### What you have to do
Where the data below contains pictures, omit them; output the rest word for word.

Saved entries
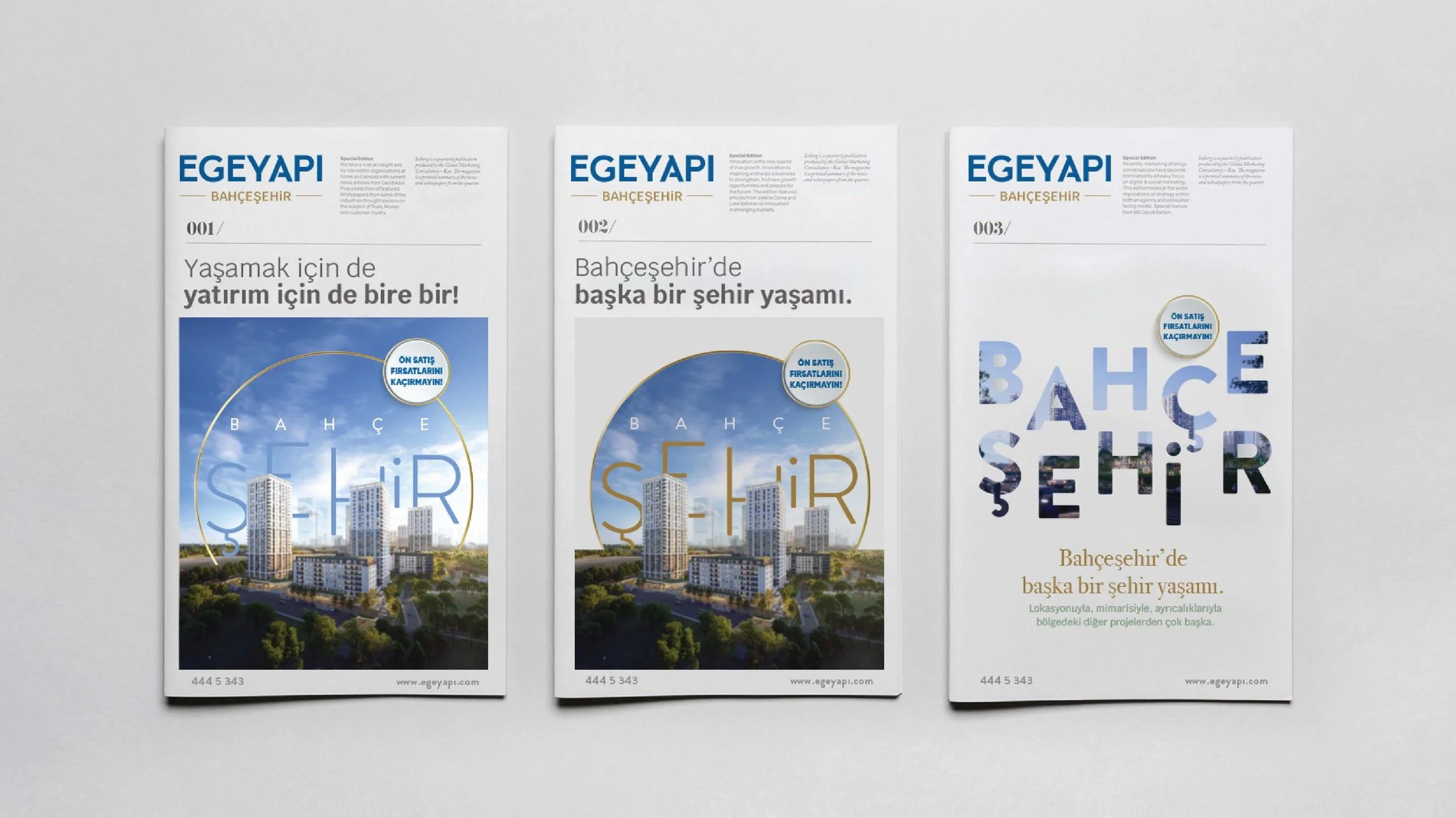 Three brochures for a real estate project called Bahçeşehir. The brochures feature images of modern buildings and trees, with the title 'Egeyapi Bahçeşehir' and subtitles about city living and investment opportunities.
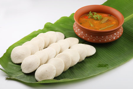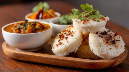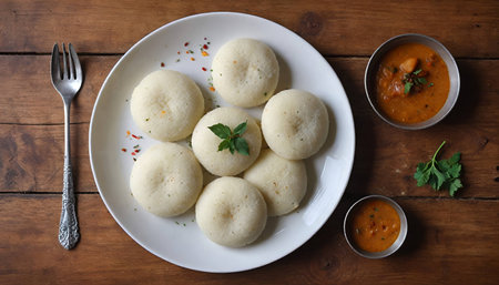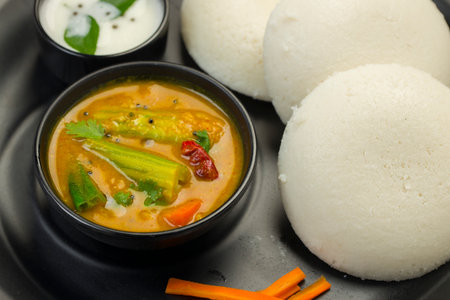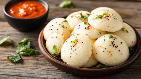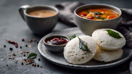 Close-up an appetizing depiction of idli and sambar, showcasing the quintessential South Indian breakfast combination, revered for its wholesome flavors and cultural significance
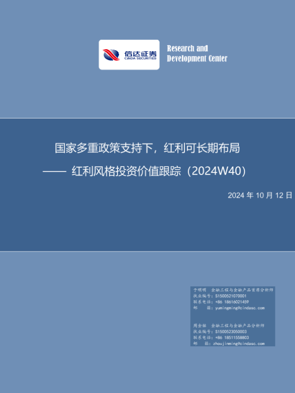 【信达证券】【20241012】红利风格投资价值跟踪(2024W40):国家多重政策支持下,红利可长期布局-13页
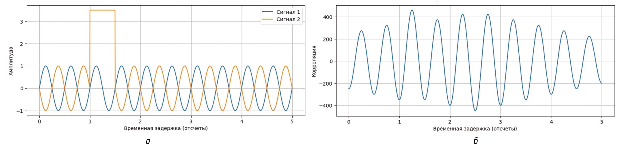 Рис. 2. а) Синусоидальные сигналы (сигнал 2 с импульсной помехой); б) График взаимной корреляции между сигналами с импульсной помехой
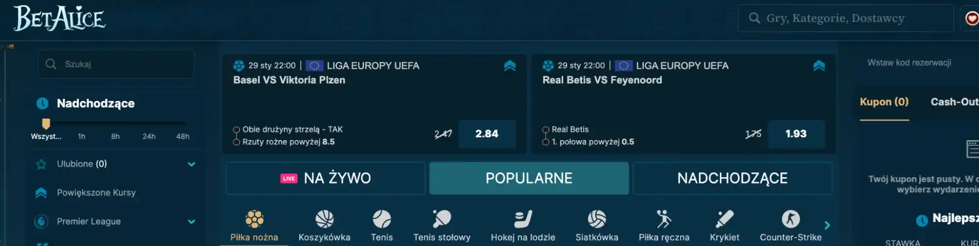BetAlice Kasyno Online udostępnia zakłady przedmeczowe i na żywo na ponad 25 dyscyplin sportowych. Najszerszą ofertę wydarzeń ma piłka nożna, koszykówka, tenis i hokej na lodzie. Stawiać można zarówno topowe rozgrywki, jak np. Premier League czy Serie A, jak i niższe ligi. Dostępne są też zakłady na e-sport, w tym CS2, Dota 2 i League of Legends, oraz sporty wirtualne od Kiron Interactive.
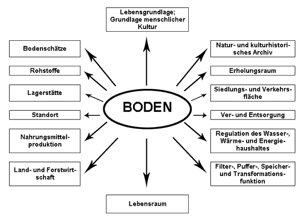 Lebensgrundlage und Lebensraum für Menschen, Tiere, Pflanzen und Bodenorganismen, |
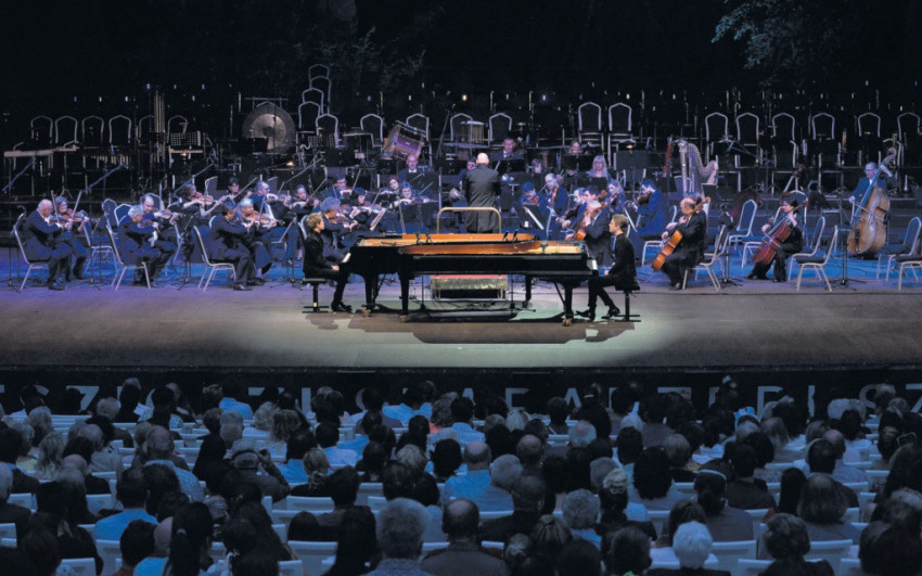 Nem hiszem, hogy megfontolt szerepjátszók lennének; úgy tűnik, a testvéri köteléken és az általuk művelt zene szeretetén túl a lelki rokonság is hozzájárul Lucas és Arthur rokonszenves művészi szimbiózisához. Persze óhatatlanul van valami kimódolt az ilyen közös pódiumi szereplésben. Ahogy öltözködésük „ikres” összehangolása, úgy eltérő egyéniségük ugyancsak külső jegyekkel történő tükröztetése is a kialakított imázs része lett. A divatosan belőtt séró Lucas esetében afféle eltökélt sportemberre, irányító focistára, Arthurnál lobogó, lánglelkű művészre „hajaz”. Szinte lámpaláz nélkül, vagy azt jól leplezve, természetes mosollyal lépnek színpadra, kedélyes gesztusokkal kommunikálva egymással és a karmesterrel. A zenekari bevezető alatt a zongora mellől még egy gyors terepszemle, felmérő körbepillantás a szélesen elterülő nézőtérre, aztán marad a zene: a már ki tudja, hányszor megszólaltatott Mozart-opus. A fivérek láthatóan élvezik ezt a huszonöt perces, könnyed művet, a közös játékot, de komolyan veszik. Nem rutinból zenélnek, az egymásra koncentráló, jelző biccentések, a nehezebb belépéseknél a dirigens intéseinek figyelmes, bizalomról árulkodó követése tökéletes összpontosításra utal. Nem gondolnánk, hogy efféle „kamarazenélés” működhet a szabadtéren, de a hozzáállás és a hangzás minősége eloszlatja a kétségeket. Meglepetés, hogy e fesztiválközönség avatott koncertlátogatókból áll, senki sem tapsol bele a versenyműbe. Az Andante sajátos próba elé állítja a szólistákat, mert a távolból, talán a pesti oldalon horgonyzó hajóról vagy egy Duna-parti szórakozóhelyről áthallik a „duc-duc”. A legrosszabbkor előtolakodó zajhulladék minden tekintetben e lassúbb, bensőséges tétel ellentéte. A Jussen testvérek azonban profik, nem jönnek zavarba, nem zökkenti ki őket a beszüremlő idegenség. Látszólag tudomást sem vesznek a pódiumon túli külvilágról, az újraéledt Budapest más régióiból érkező hangokról, az itt kialakuló stílus- és ritmuskavalkádról. A Rondó felszabadult örömzenélése után a „jelenbe” visszatérve, ismét két trendi ifjú művész hajlong a színpadon külön-külön és bajtársiasan összekapaszkodva. Lelkesen, lezserül, olykor cinkossággal egymásra mutogatva, ahogyan a lemezborítókhoz, interjúkhoz és reklámanyagokhoz rendre „beállítják” őket. De ez a kép nem hamis, emberi és zenei őszinteségükben az elhangzottak után nincs okunk kételkedni.
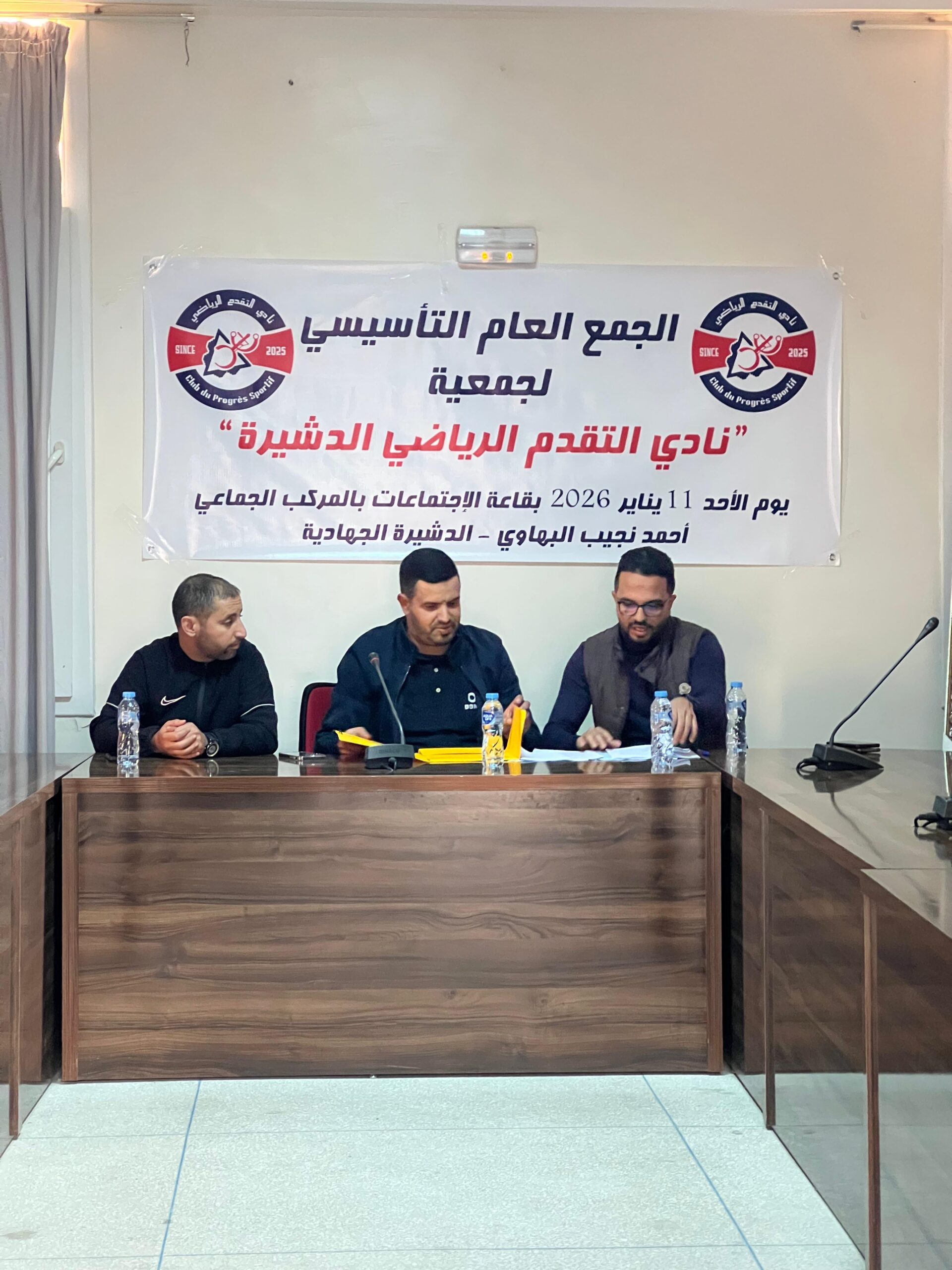 عقدت جمعية نادي التقدم الرياضي الدشيرة، مساء يوم الأحد 11 يناير 2026، جمعها العام التأسيسي بقاعة الاجتماعات بالمركب الجماعي أحمد نجيب البهاوي بمدينة الدشيرة الجهادية، وذلك تحت إشراف اللجنة التحضيرية، وبحضور ممثل السلطة المحلية.
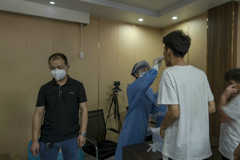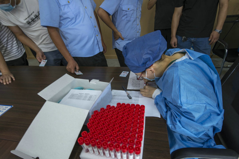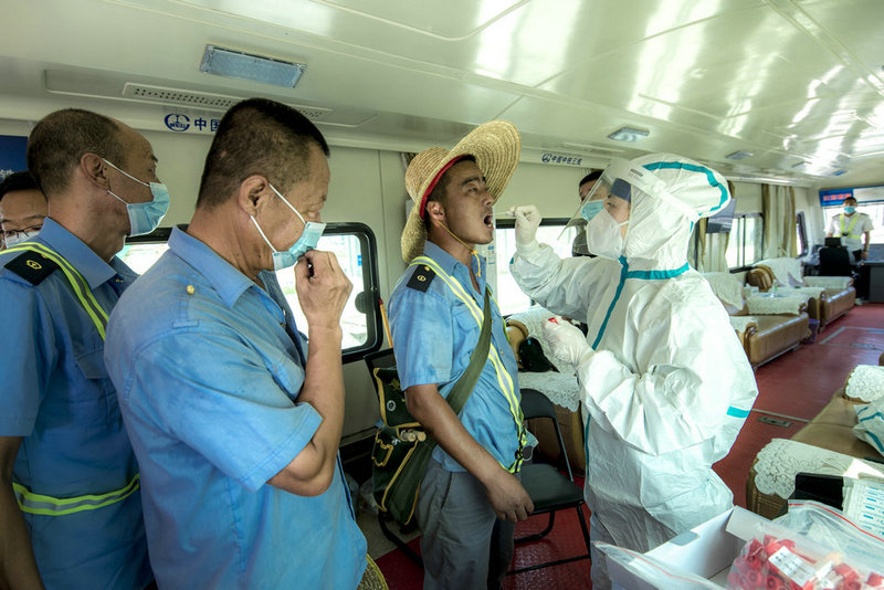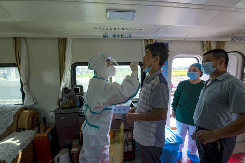 中鐵三局線橋公司黃黃鐵路項(xiàng)目浠水鋪軌基地醫(yī)務(wù)工作者正在進(jìn)行核酸檢測因子取樣
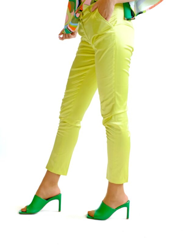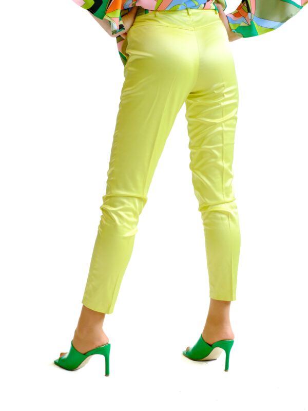 Nohavice sú ušité v úzkou strihu z pohodlného materiálu, ktorý sa prispôsobí postave. Nohavice sú navrhnuté v žiarivej citrónovo žltej farbe, ktorá sa skvele kombinuje s tmavými ako aj jasnými farbami. Nohavice majú zvýšený pás.

### Task solution
 Three brochures for a real estate project called Bahçeşehir. The brochures feature images of modern buildings and trees, with the title 'Egeyapi Bahçeşehir' and subtitles about city living and investment opportunities.
 Close-up an appetizing depiction of idli and sambar, showcasing the quintessential South Indian breakfast combination, revered for its wholesome flavors and cultural significance
 【信达证券】【20241012】红利风格投资价值跟踪(2024W40):国家多重政策支持下,红利可长期布局-13页
 Рис. 2. а) Синусоидальные сигналы (сигнал 2 с импульсной помехой); б) График взаимной корреляции между сигналами с импульсной помехой
BetAlice Kasyno Online udostępnia zakłady przedmeczowe i na żywo na ponad 25 dyscyplin sportowych. Najszerszą ofertę wydarzeń ma piłka nożna, koszykówka, tenis i hokej na lodzie. Stawiać można zarówno topowe rozgrywki, jak np. Premier League czy Serie A, jak i niższe ligi. Dostępne są też zakłady na e-sport, w tym CS2, Dota 2 i League of Legends, oraz sporty wirtualne od Kiron Interactive.
 Lebensgrundlage und Lebensraum für Menschen, Tiere, Pflanzen und Bodenorganismen, |
 Nem hiszem, hogy megfontolt szerepjátszók lennének; úgy tűnik, a testvéri köteléken és az általuk művelt zene szeretetén túl a lelki rokonság is hozzájárul Lucas és Arthur rokonszenves művészi szimbiózisához. Persze óhatatlanul van valami kimódolt az ilyen közös pódiumi szereplésben. Ahogy öltözködésük „ikres” összehangolása, úgy eltérő egyéniségük ugyancsak külső jegyekkel történő tükröztetése is a kialakított imázs része lett. A divatosan belőtt séró Lucas esetében afféle eltökélt sportemberre, irányító focistára, Arthurnál lobogó, lánglelkű művészre „hajaz”. Szinte lámpaláz nélkül, vagy azt jól leplezve, természetes mosollyal lépnek színpadra, kedélyes gesztusokkal kommunikálva egymással és a karmesterrel. A zenekari bevezető alatt a zongora mellől még egy gyors terepszemle, felmérő körbepillantás a szélesen elterülő nézőtérre, aztán marad a zene: a már ki tudja, hányszor megszólaltatott Mozart-opus. A fivérek láthatóan élvezik ezt a huszonöt perces, könnyed művet, a közös játékot, de komolyan veszik. Nem rutinból zenélnek, az egymásra koncentráló, jelző biccentések, a nehezebb belépéseknél a dirigens intéseinek figyelmes, bizalomról árulkodó követése tökéletes összpontosításra utal. Nem gondolnánk, hogy efféle „kamarazenélés” működhet a szabadtéren, de a hozzáállás és a hangzás minősége eloszlatja a kétségeket. Meglepetés, hogy e fesztiválközönség avatott koncertlátogatókból áll, senki sem tapsol bele a versenyműbe. Az Andante sajátos próba elé állítja a szólistákat, mert a távolból, talán a pesti oldalon horgonyzó hajóról vagy egy Duna-parti szórakozóhelyről áthallik a „duc-duc”. A legrosszabbkor előtolakodó zajhulladék minden tekintetben e lassúbb, bensőséges tétel ellentéte. A Jussen testvérek azonban profik, nem jönnek zavarba, nem zökkenti ki őket a beszüremlő idegenség. Látszólag tudomást sem vesznek a pódiumon túli külvilágról, az újraéledt Budapest más régióiból érkező hangokról, az itt kialakuló stílus- és ritmuskavalkádról. A Rondó felszabadult örömzenélése után a „jelenbe” visszatérve, ismét két trendi ifjú művész hajlong a színpadon külön-külön és bajtársiasan összekapaszkodva. Lelkesen, lezserül, olykor cinkossággal egymásra mutogatva, ahogyan a lemezborítókhoz, interjúkhoz és reklámanyagokhoz rendre „beállítják” őket. De ez a kép nem hamis, emberi és zenei őszinteségükben az elhangzottak után nincs okunk kételkedni.
 عقدت جمعية نادي التقدم الرياضي الدشيرة، مساء يوم الأحد 11 يناير 2026، جمعها العام التأسيسي بقاعة الاجتماعات بالمركب الجماعي أحمد نجيب البهاوي بمدينة الدشيرة الجهادية، وذلك تحت إشراف اللجنة التحضيرية، وبحضور ممثل السلطة المحلية.
 中鐵三局線橋公司黃黃鐵路項(xiàng)目浠水鋪軌基地醫(yī)務(wù)工作者正在進(jìn)行核酸檢測因子取樣
 Nohavice sú ušité v úzkou strihu z pohodlného materiálu, ktorý sa prispôsobí postave. Nohavice sú navrhnuté v žiarivej citrónovo žltej farbe, ktorá sa skvele kombinuje s tmavými ako aj jasnými farbami. Nohavice majú zvýšený pás.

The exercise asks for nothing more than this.